At November 30, 1998, $0.4 million of capitalized and accrued interest had been 
added to the facility.

NOTE 8. COMMITMENTS

   The Company has made guarantees and commitments to invest additional equity
and working capital into certain of the Leap Wireless Operating Companies. As of
November 30, 1998, these commitments



                                       12
   13


totaled approximately $62.8 million. The Company expects to fund its commitments
with borrowings under the Credit Facility.

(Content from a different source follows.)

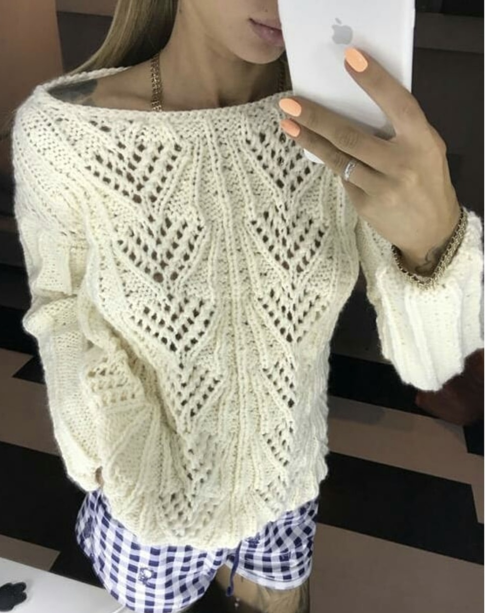 1 Ажурный пуловер из тонкой лентовидной пряжи . 2 Облегающий пуловер с широкой ажурной планкой . 3 Скромный элегантный пуловер , с короткими рукавами . 4 Изящный летний пуловер , с воздушными ажурными ромбами . Новые ажурные узоры , в мягких натуральных расцветках . Они лишний раз , подчеркнут Ваше обаяние и женственность . Всем огромный Приветик 👋 Кто заглянул , а не про шел мимо , на мой позитивный и продуктивный Канал . Всех Благодарю 🙏, от всей Души , Кто читает , подписывается и комментирует - уделяя минутку своего времени . Ваши лайки 👍это самый лучший подарок 💝 для меня . Сегодня , Мы по говорим о Моделях - связанных спицами . Как то Лето , пока не задалось , сейчас прохладно , и Я решила принести , прекрасные Пуловеры , в нежных тонах , изящные и привлекательные . По летели смотреть , новые проэкты : Модель 1: Ажурный пуловер из Толстой лентовидной пряжи с золотым блеском ( вяжется очень быстро ) Я исполняла эту Модель - Фото предоставила . Пуловер - продан

NOTE 9. STOCKHOLDER RIGHTS PLAN

     On September 9, 1998, the Company's Board of Directors adopted a 
Stockholder Rights Plan (the "Rights Plan"). Pursuant to the Rights Plan, the 
Board of Directors declared a dividend, payable on September 16, 1998, of one 
preferred purchase right (a "Right") for each share of common stock, $.0001 par 
value, of the Company outstanding at the close of business on September 11, 
1998. Similar Rights will generally be issued in respect to common stock 
subsequently issued. Each Right entitles the registered holder to purchase from 
the Company a one one-thousandth share of Series A Junior Participating 
Preferred Stock, $0.0001 par value per share, at a purchase price of $90 
(subject to adjustment). The Rights are exercisable only if a person or group 
(an "Acquiring Person"), other than QUALCOMM with respect to its exercise of 
the warrant granted to it in connection with the Distribution, acquires 
beneficial ownership of 15% or more of the Company's outstanding shares of 
common stock. Upon exercise, holders, other than an Acquiring Person, will have 
the right (subject to termination) to receive the Company's common stock or 
other securities having a market value (as defined) equal to twice the purchase 
price of the Right. The Rights, which expire on September 10, 2008, are 
redeemable in whole, but not in part, at the Company's option at any time for a
price of $0.01 per Right.

In conjunction with the distribution of the Rights, the Company's Board of 
Directors designated 75,000 shares of preferred stock as Series A Junior 
Participating Preferred Stock and reserved such shares for issuance upon 
exercise of the Rights. At November 30, 1998, no shares of preferred stock were 
outstanding.


NOTE 10. SUBSEQUENT EVENT

    In December 1998, the Company agreed to purchase substantially all the
assets of Chase for $6.3 million, plus a warrant to purchase 1% of the common
stock in a wholly-owned subsidiary of the Company for $1.0 million, transfer of
the Company's stock ownership and warrants to purchase stock in Chase and
certain contingent earn-outs. This acquisition involves the transfer of licenses
which are subject to approval by the FCC, therefore the final closing of the
transaction will not occur unless approval by the FCC is obtained.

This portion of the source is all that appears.